Electrical writable and erasable non-volatile memory cells, which can especially be used in a virtual ground NOR architecture, also include so-called charge trapping memory cells, in which, between the channel region and/or the source/drain region and the gate electrode, there is a part of the gate dielectric having a non-conducting memory layer between boundary layers for the trapping of charge carriers and thus for changing the programming state of the memory cell. Such memory cells are described for example in U.S. Pat. No. 5,768,192, U.S. Pat. No. 6,011,725 and PCT Patent Publication WO 99/60631. In these memory cells each boundary layer is an oxide and the memory layer is a nitride of the semiconductor material, usually silicon.
Charge-trapping memory cells are preferably programmed by channel hot electrons (CHE) and can be erased with hot holes from the channel region or by Fowler-Nordheim tunnels. A SONOS memory cell provided for a special operating mode with a read voltage (reverse-read) applied in the opposite direction to the programming process, having a thickness of the boundary layers matched to this operating mode, is usually designated as an NROM memory cell. Further details on this can be found in Boaz Eitan et al.: “NROM: A Novel Localized Trapping, 2-Bit Non-Volatile Memory Cell” in IEEE Electron Device Letters 21, 543–545 (2000).
The memory layer of a charge-trapping memory cell is located between a boundary layer comprising a material having a higher band gap than the band gap of the memory layer so that the charge carriers captured in the memory layer remain localized there. A nitride is preferably considered as material for the memory layer. An oxide is primarily suitable as surrounding material. As an example of such an oxide-nitride-oxide (ONO) memory layer sequence in the material system of silicon, the silicon nitride memory layer is provided with a band gap of about 5 eV. The surrounding boundary layers are silicon oxide having a band gap of about 9 eV.
The memory layer can be a different material whose band gap is smaller than the band gap of the boundary layers wherein the difference of the band gaps should be as large as possible for good electrical confinement of the charge carriers. In conjunction with silicon oxide as the boundary layer, for example, tantalum oxide, hafnium silicate, titanium oxide (in the case of a stoichiometric composition TiO2), zirconium oxide (in the case of a stoichiometric composition ZrO2), aluminum oxide (in the case of a stoichiometric composition Al2O3), or intrinsically conducting (undoped) silicon can be used as the material of the memory layer.

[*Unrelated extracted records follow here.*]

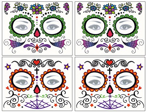 DaLin Floral Day of the Dead Sugar Skull Temporary Face Tattoo Kit for Halloween - Pack of 4 Kits
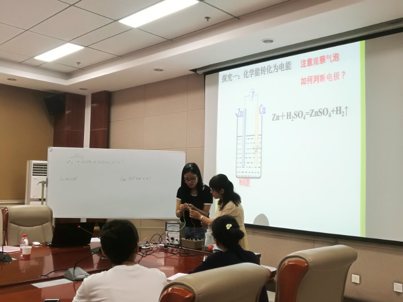 16日上午,培训会由严文法副教授主持。高新一中的惠青香老师进行了《原电池》的示范课。惠老师通过引入视频创设艺术情境,激发学生的学习兴趣,通过不断地设疑,引发学生的思维活动。与同学们的互动环节,惠老师通过她十几年的化学教师成长经历,鼓励同学们热爱自己的职业,爱学生,多参加各种教学活动锻炼自己,重视研究化学实验。接着,四位同学进行了试讲,惠青香老师、严文法老师分别就同学们的课堂质量和教学设计等方面进行了点评。
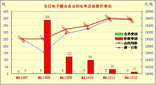 7月4日,商品棉交易多數(shù)合同高開,早盤震幅較大,午后走勢(shì)平穩(wěn),均價(jià)全線上漲。MA1307平均價(jià)19000不變,MA1308平均價(jià)19000漲386,MA1309平均價(jià)19280漲122,MA1310平均價(jià)19384漲96,MA1311平均價(jià)19603漲30,MA1312均價(jià)19568漲12。交易成交19300噸,較上一交易日減少1520噸。MA1307無(wú)成交,MA1308成交20噸。MA1311為今日主要成交合同,成交7620噸。MA1309、MA1310和MA1312分別成交4480噸、2260噸和3400噸。訂貨量無(wú)變化,累計(jì)訂貨量15080噸。MA1309和MA1310為主要訂貨合同,分別訂貨4240噸和5100噸。
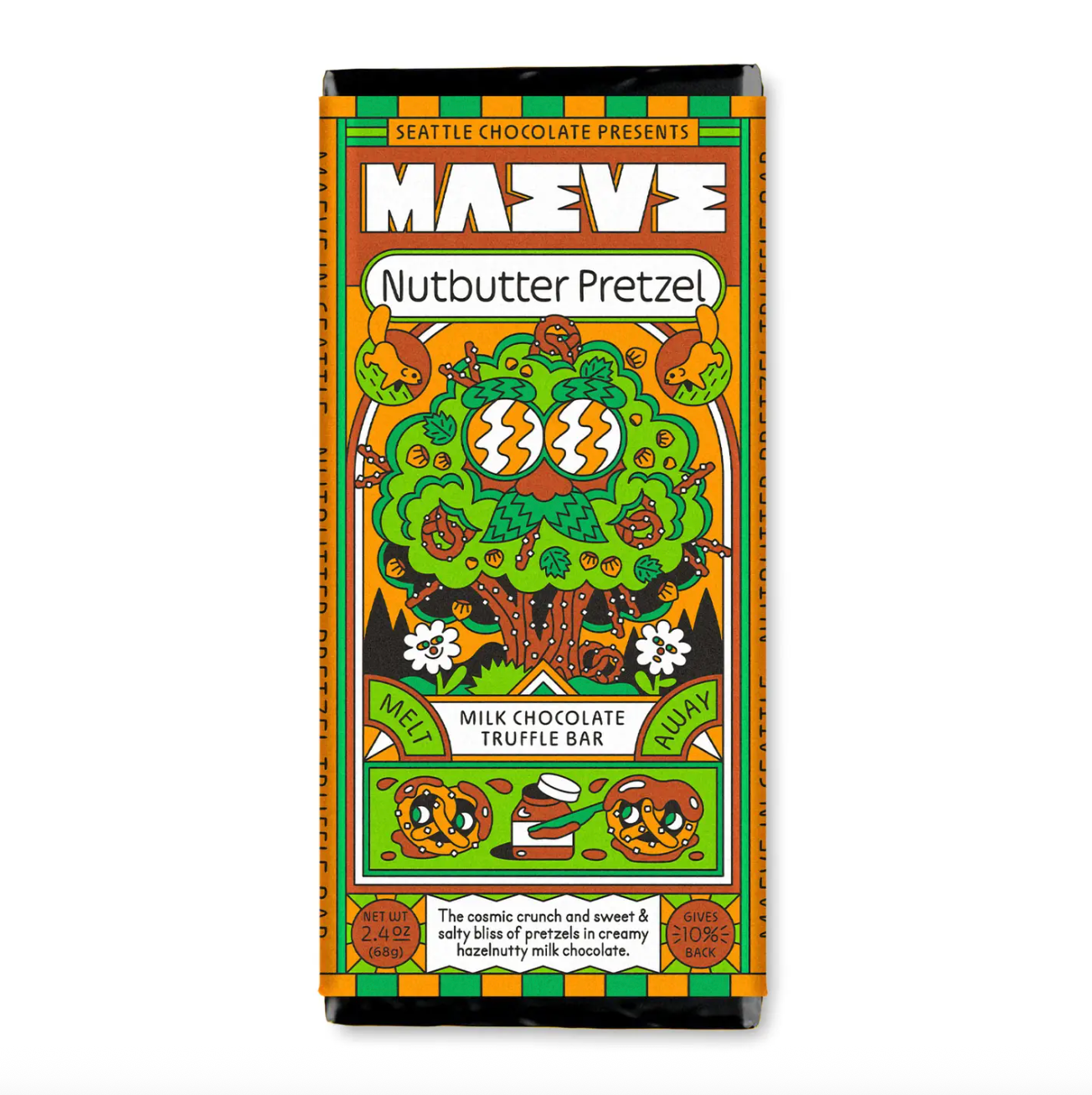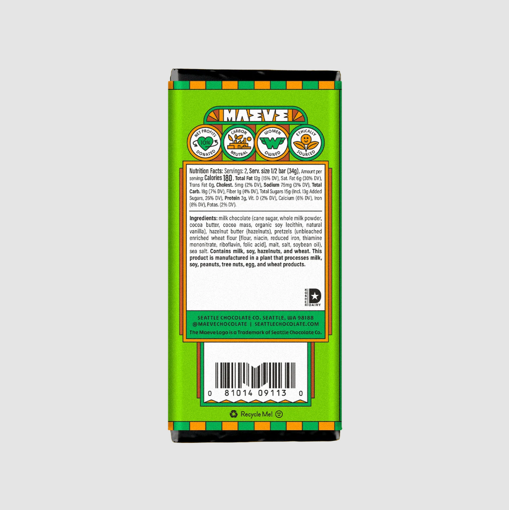 OK dig this. What if we put hazelnut butter AND pretzels together in a chocolate truffle bar? What if we layered on some milk chocolate too? I’m freaking out, man. Wait, Maeve already did a bar like this? Well, hand me a bite! Don’t bogart the chocolate!
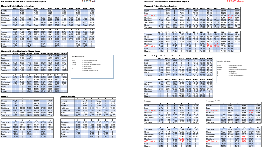 Ändringarna syns i reseplaneraren på seutuplus.fi samt i sidans avsnittet Tidtabeller. Välj tidtabellsperioden Vår 2026/2 i sidans övre högra hörn.
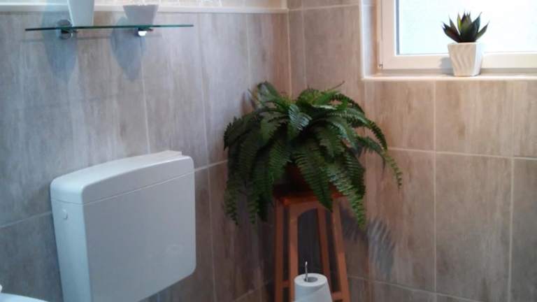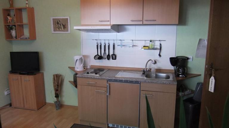 Die Unterkunft verfügt über eine voll ausgestattete Küchenzeile mit Kühlschrank, Ofen, Herdplatte, Toaster, Kaffeemaschine und Wasserkocher, was eine Selbstversorgung ermöglicht.

Such a 2-bit NROM memory cell is programmed, as described for example in PCT Patent Publication WO 98/03977, such that by means of a gate voltage and a drain source voltage in the channel region of the memory cell, a vertical and a lateral electric field is produced which accelerates the electrons along the channel length. Some electrons are accelerated such that in the vicinity of the drain region where the electric field is strongest, they jump over the potential barrier and reach the nitride layer. In this way, the threshold voltage of the channel region changes, which can be detected by applying a read voltage in the reverse direction. The second bit in this memory cell is programmed by exchanging drain and source compared with the previous described programming process for writing the memory cell and thus the significant adjustment of charges into the charge-trapping layer. In this way, 2-bit information can be stored in a non-volatile memory cell, such as an NROM cell for example.
A disadvantage of this known procedure is that during incorporation of charges into the charge trapping layer on one side of such a cell, reactions are observed on the threshold voltage of the respectively other side of the memory cell. So-called crosstalk thus results. The crosstalk increases with increasing difference between the threshold voltages of the two sides of a cell.

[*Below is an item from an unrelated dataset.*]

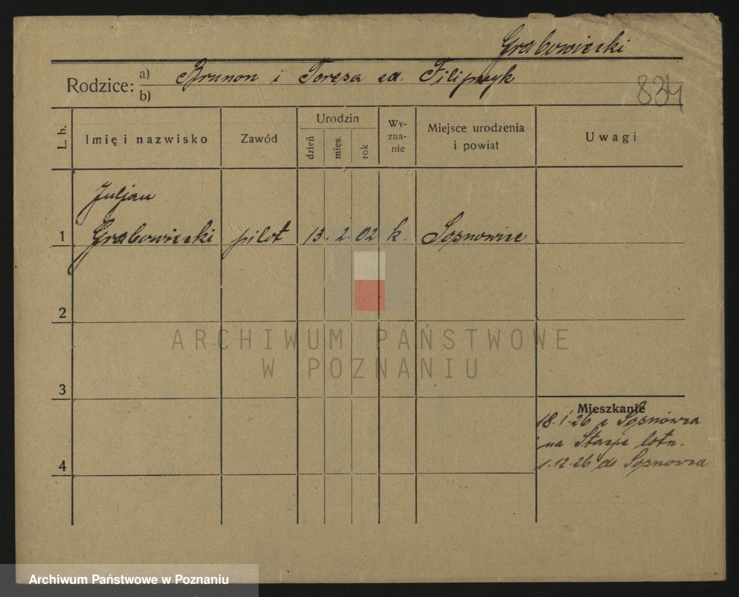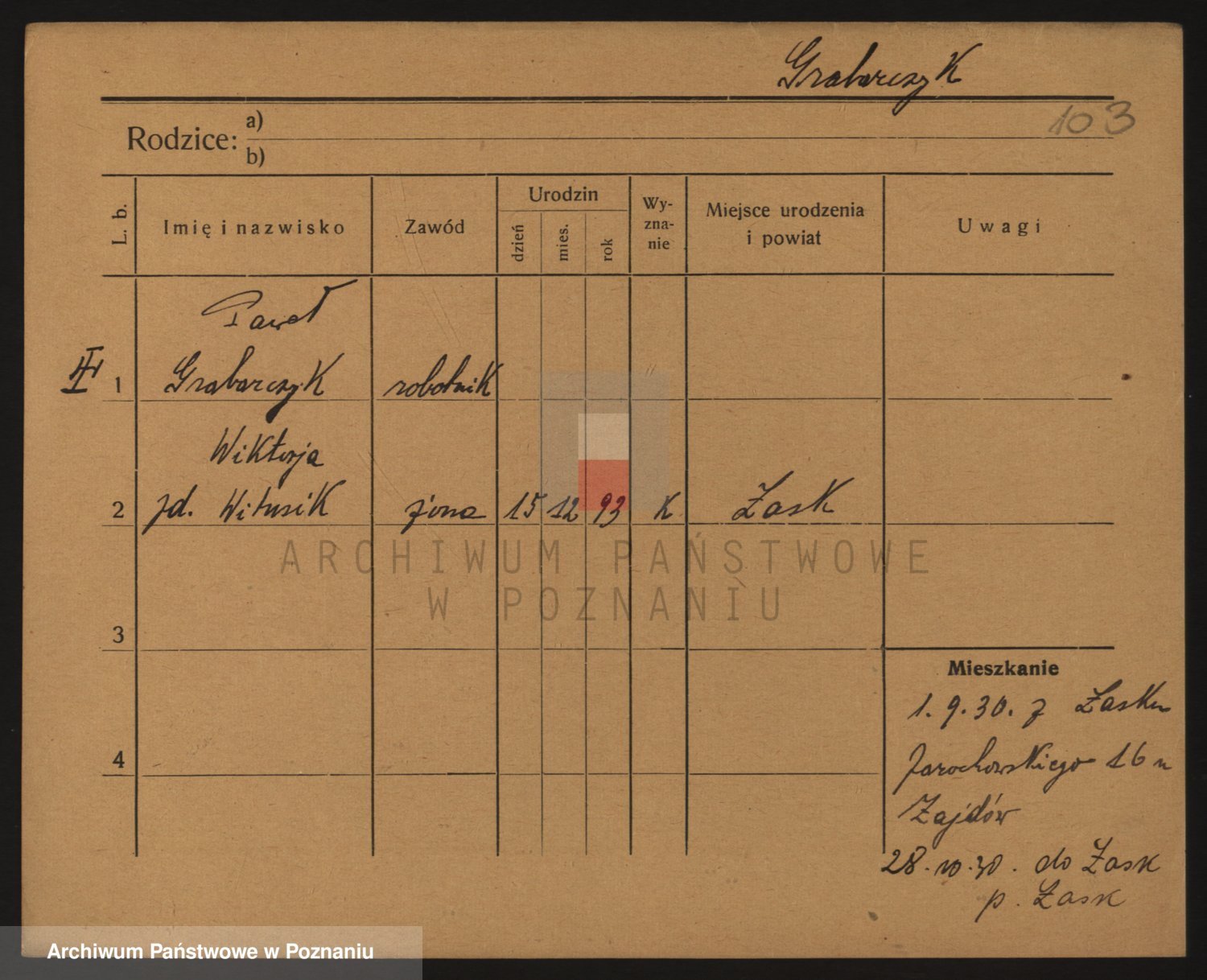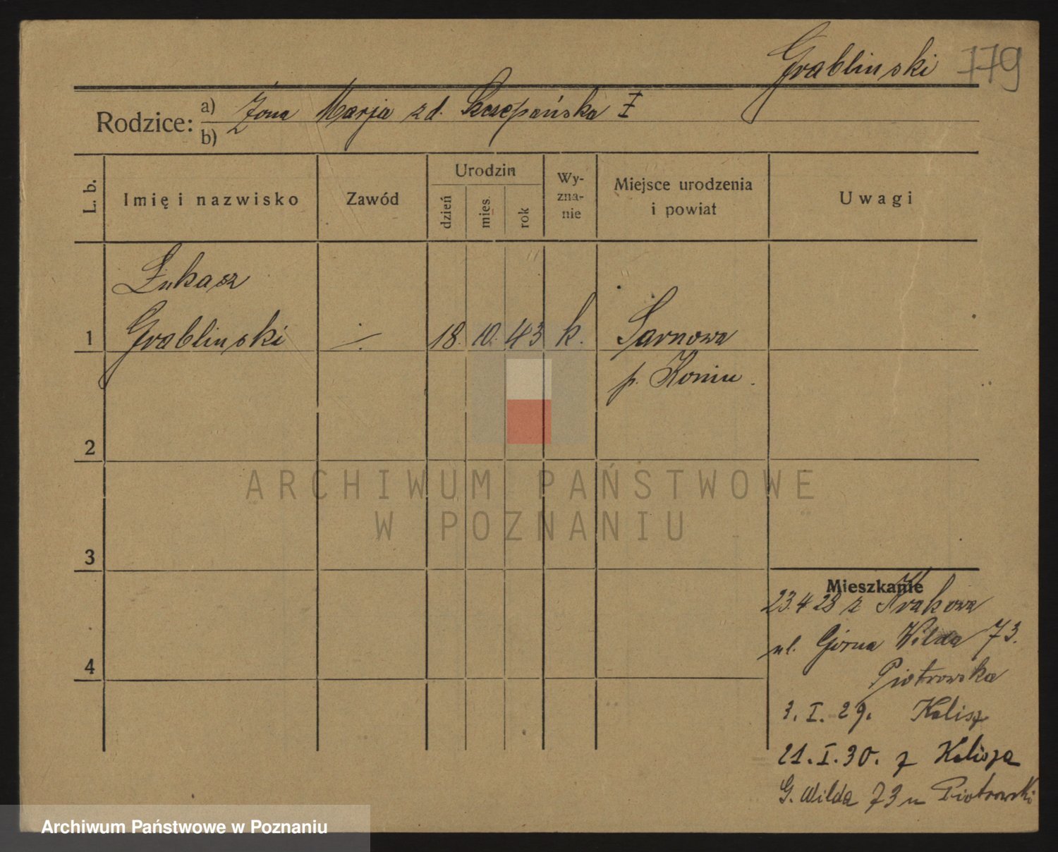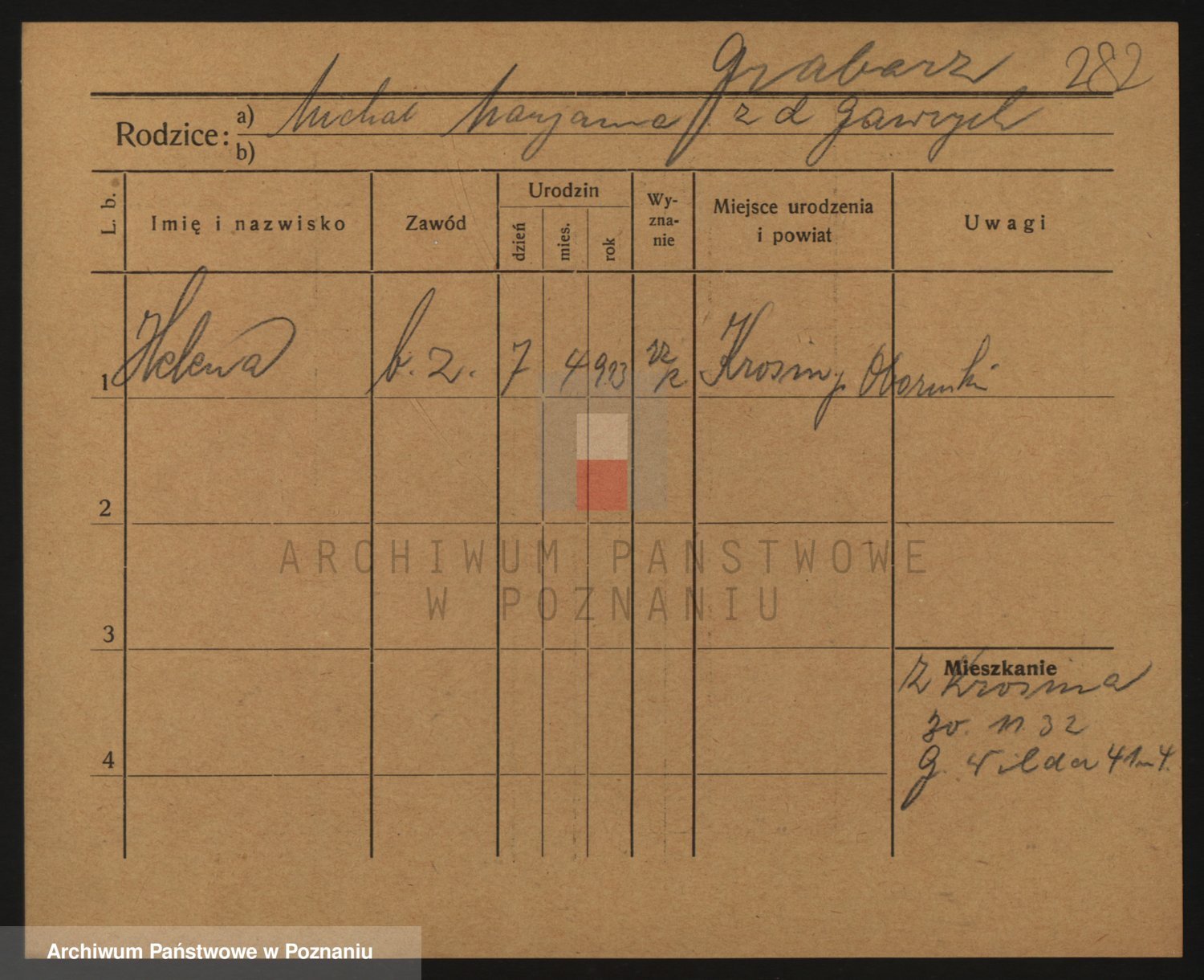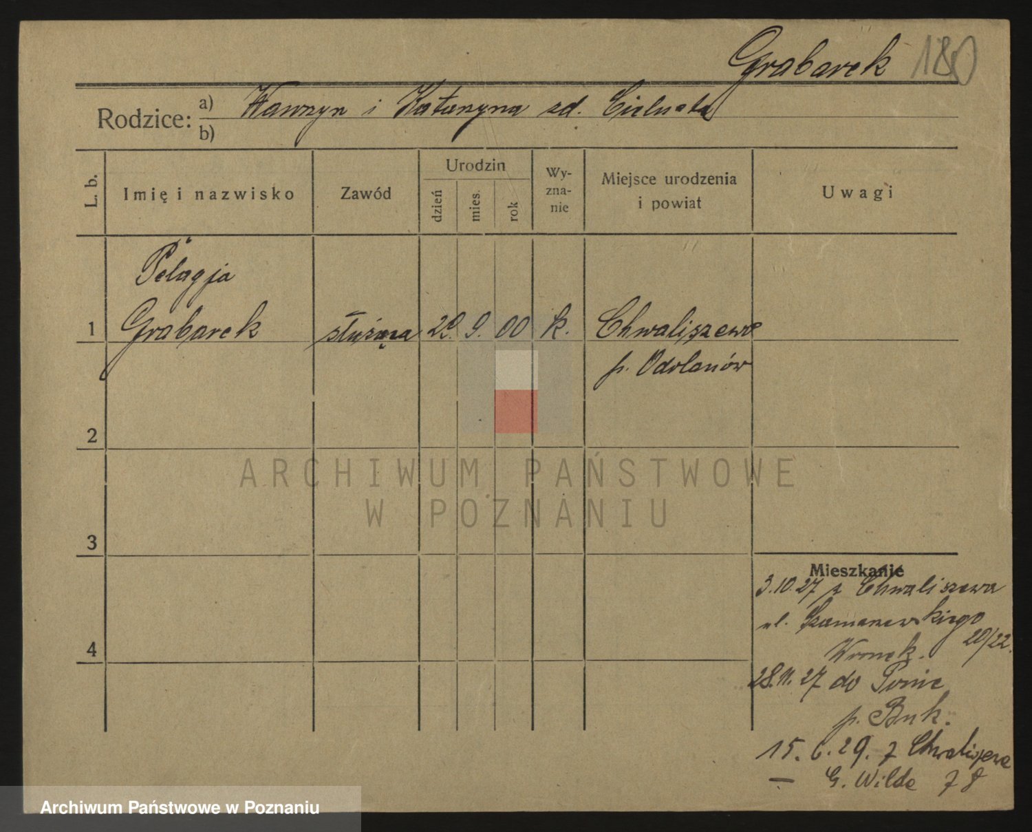 Podgląd karty osobowej dostępny jest po kliknięciu na nazwisko lub ikonkę karty. Można dokonywać powiększenia (ikony na górze) lub przechodzić między kolejnymi skanami (strzałki po bokach).

That crosstalk may have the following influences. For reading a NROM memory cell a particular gate voltage and particular drain/source voltage is supplied to the cell. Drain and source are defined so that the desired part of the cell will be read. If no charge is stored in the charge-trapping layer a significant drain current will flow if a specific gate voltage is supplied. When a particular charge is stored in the charge-trapping layer (the nitride layer), this charge will hinder the development of a channel between source and drain and no drain current will flow at the same gate voltage or the drain current will be at least significantly lower. This behavior is viewable in a usual transfer characteristic. Programming of one side of the NROM cell can result in a modification of the transfer characteristic of the other side so that, for an example, a drain current will flow even when no charge was stored within the charge trapping layer.
As the technology is further developed, the effective channel length and thus the physical distance between the charges of both sides of a cell decreases. This results in stronger crosstalk. It can thus be reckoned that in the future there will be an increased number of errors that come about as a result of crosstalk.